» **ASSIGNMENT**
Among the entries below, which lines run from the line with "soft gray rug" through the line with "of each tile."? Retype those, both ends included, exactly and without pictures.
Start of Block
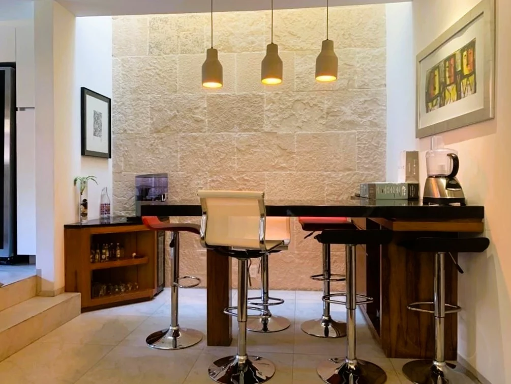 Totalmente remodelada en 2012. Consta de recibidor, sala, comedor, cocina equipada, desayunador, estudio, family muy amplio con baño completo, recámara principal con baño y las otras 2 recámaras comparten baño, cuarto de servicio y de lavado, y 2 estacionamientos cubiertos. La casa se entrega con persianas, 4 bancos del desayunador, base y cabecera de cama de recámara principal, y muebles empotrados en el family.
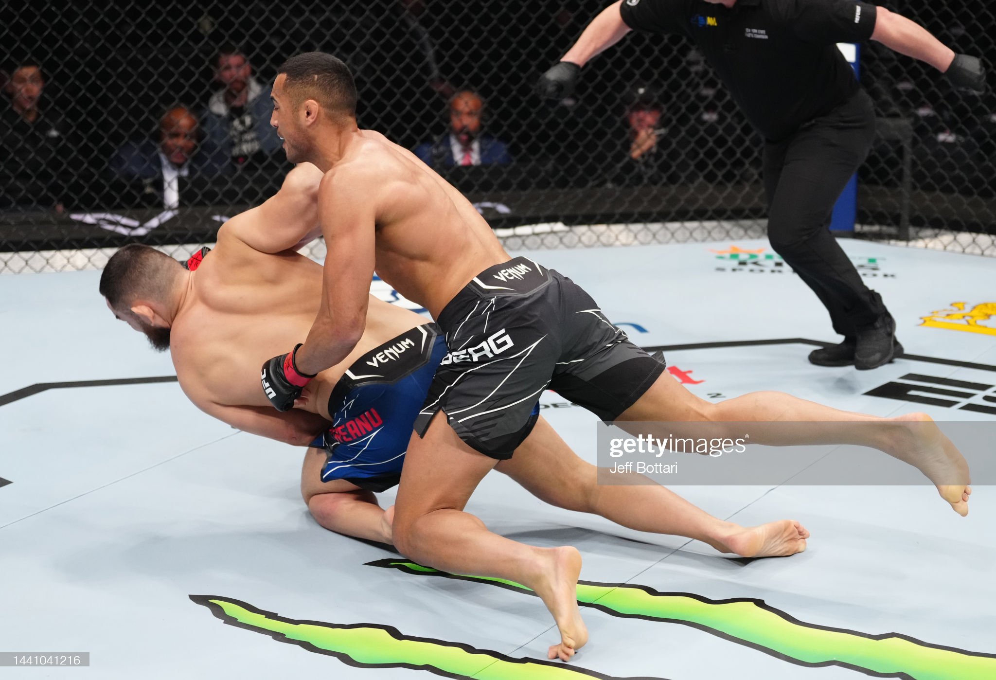밴텀급 15위 사이드 누르마고메도프(30, 러시아)는 카운터 서브미션으로 4연승을 이어가게 됐다. 단체 진출 후 3연승을 노리던 사이디오쿱 카흐라모노프(27, 우즈베키스탄)과의 초반 클린치 싸움에 길로틴으로 먼저 선수를 쳤던 누르마고메도프는 이후 상대의 백 클린치 등 뛰어난 레슬링에 크게 애를 먹어야 했다. 그러나 2R 후반 싱글 렉을 쳐오는 상대에 누르마고메도프가 다스 그립으로 목을 잡기 시작, 스크램블 끝에 돌아나가는 상대에 길로틴으로 탭을 냈다.
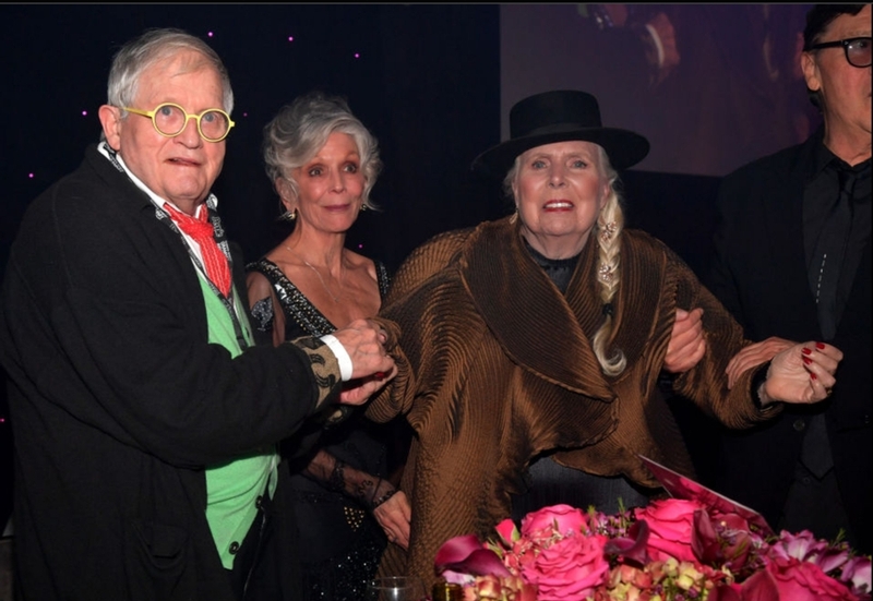 "I'm so touched that she comes to share the night with all of us," he said. "Please welcome the inimitable Joni Mitchell."
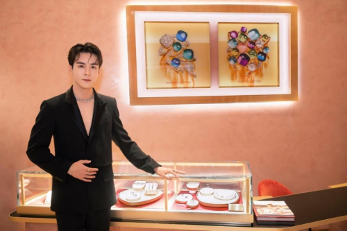 青年演員曾舜晞先生于精品店內(nèi)參觀Pomellato寶曼蘭朵珠寶作品
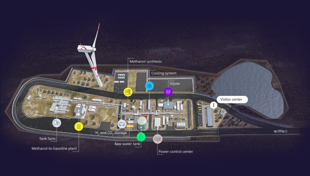 このメタノールを介した液体炭化水素燃料の製造に取り組んでいる企業のひとつが「HIFグローバル」社。元はチリに設立されたベンチャーで、南米大陸の南の端、強風で知られるマゼラン海峡にも近いハルオニの原野に風力発電施設を作り、その電力を使ってメタノール・プロセスでガソリンと軽油(と、もちろんメタノールも)の製造を計画しました。
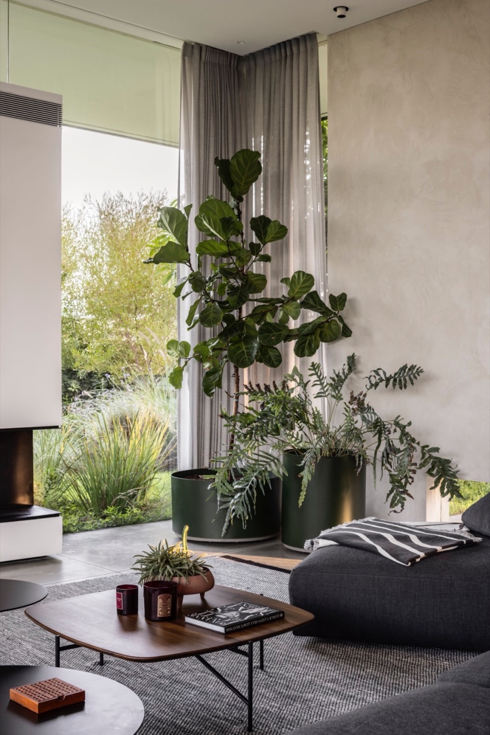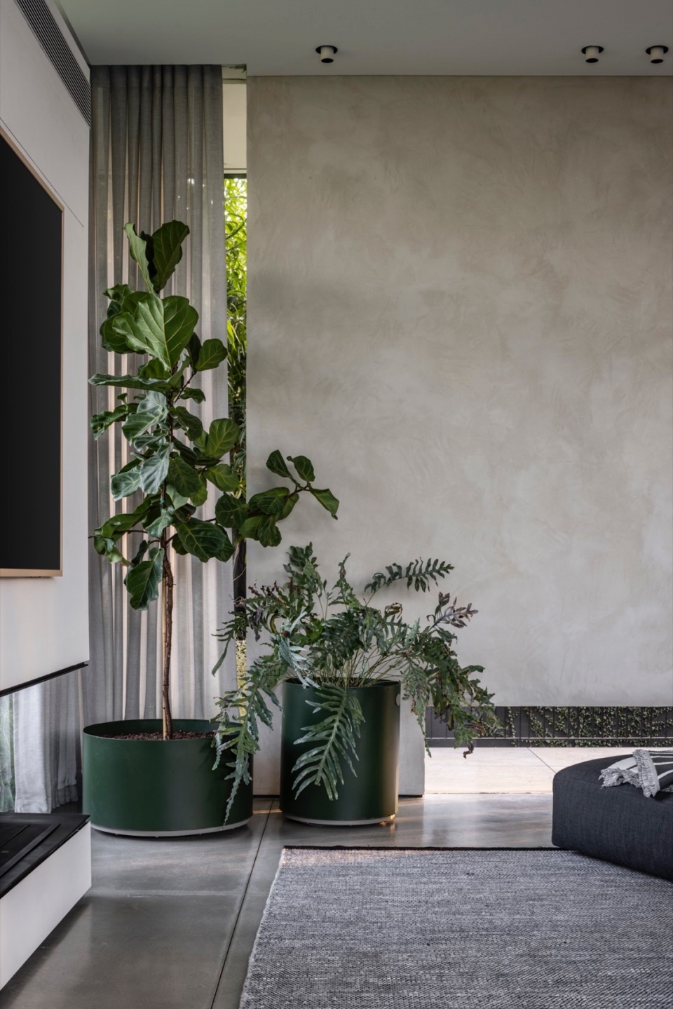 ▼绿植与柔灰色地毯,greenery and soft gray rug
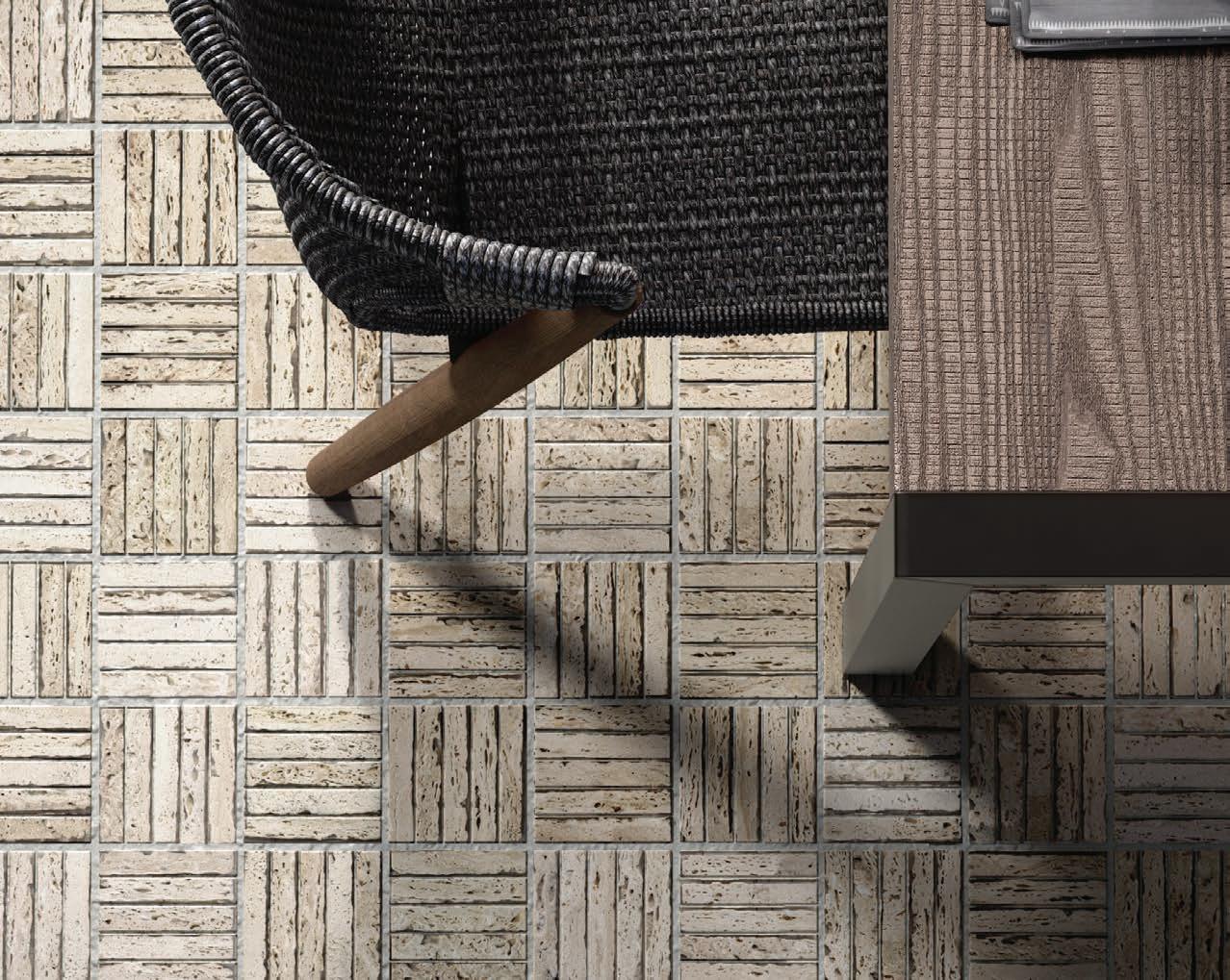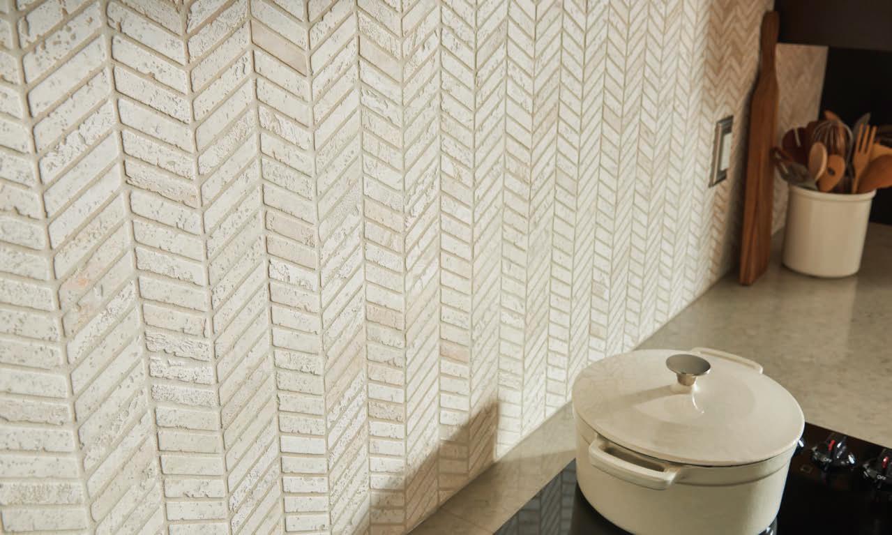 of each tile. The tactile and visually dynamic characteristics are achieved through the use of threedimensional surfaces. Arroyo gives a nod to modern traditional that meets a neutral understated palette.
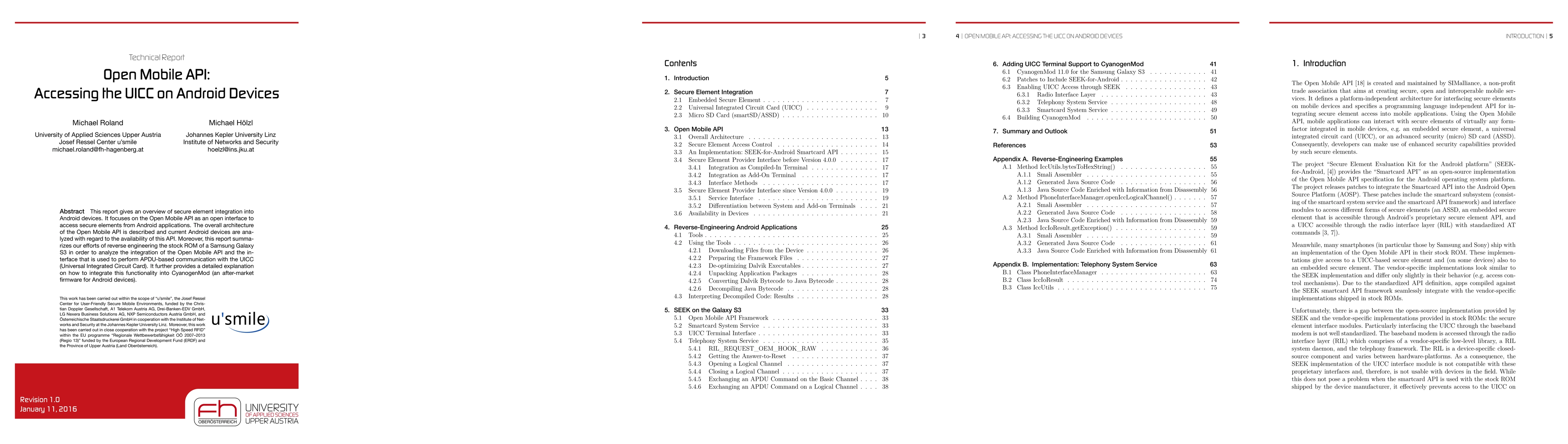 This paper explores the Open Mobile API for accessing Android's secure elements, detailing its architecture and integration into current devices. It also describes reverse engineering efforts on a Samsung Galaxy S3 to understand the API's UICC communication and provides guidance on integrating this functionality into CyanogenMod.
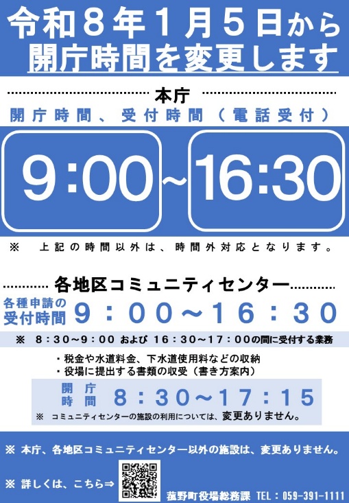三重県菰野町は令和8年1月5日(月)より役場及び各地区コミュニティセンターの受付時間を変更します。
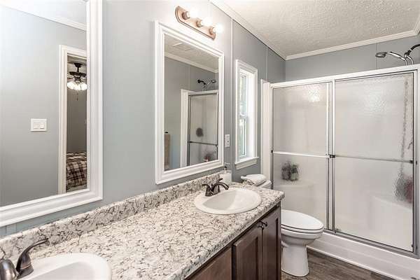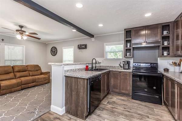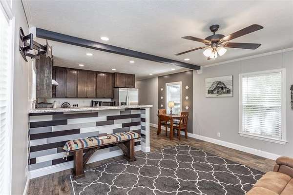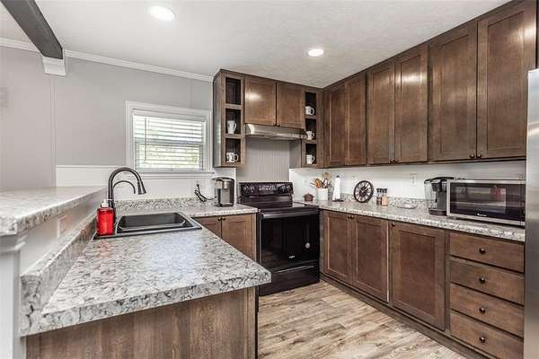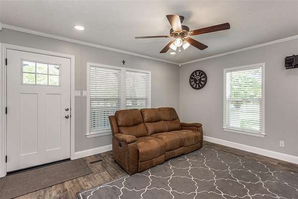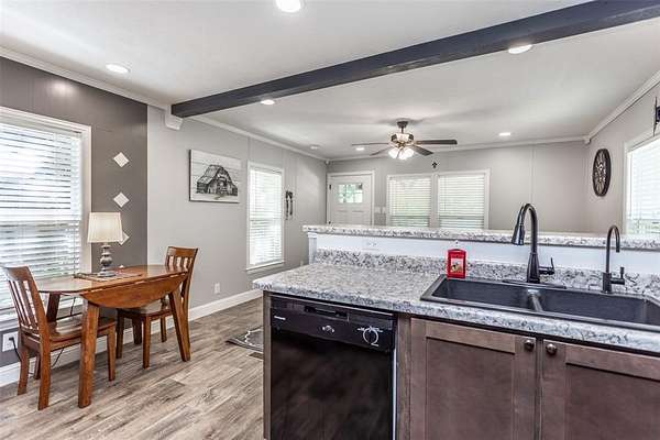This property is the definition of “loved.” Every inch of this 8.363-acre spread has been groomed, maintained, and improved with care and craftsmanship. The 2019-built 900 sq. ft. home feels nothing like a typical manufactured home—custom molding and thoughtful upgrades by a builder gives it a true residential finish. A charming covered front porch sets the tone, while the side porch off the back door overlooks peaceful wooded acreage, where deer visit almost every morning. The land is beautifully landscaped and fully pipe-fenced with no-climb wire, perfect for horses, cows, or any animals you want to bring. A 24x50 4-carport with electricity and loft for storage. 12x24 storage building, 220 amp, workbench, outside lights. (2) 10x20 loaf shed, (1) 10x16 outbuilding and a storm shelter provide exceptional utility. Includes a 0.9480-acre corner lot along busy Hwy 377, the property also carries strong commercial possibilities. This property offers far more than can be listed here. Be sure to review the MLS Additional Information for the full upgrade list, and ask your REALTOR® for all the details. MUST-SEE Buyer Approval before showing.
End of Block
» **ANSWER BELOW**
 ▼绿植与柔灰色地毯,greenery and soft gray rug
 of each tile. The tactile and visually dynamic characteristics are achieved through the use of threedimensional surfaces. Arroyo gives a nod to modern traditional that meets a neutral understated palette.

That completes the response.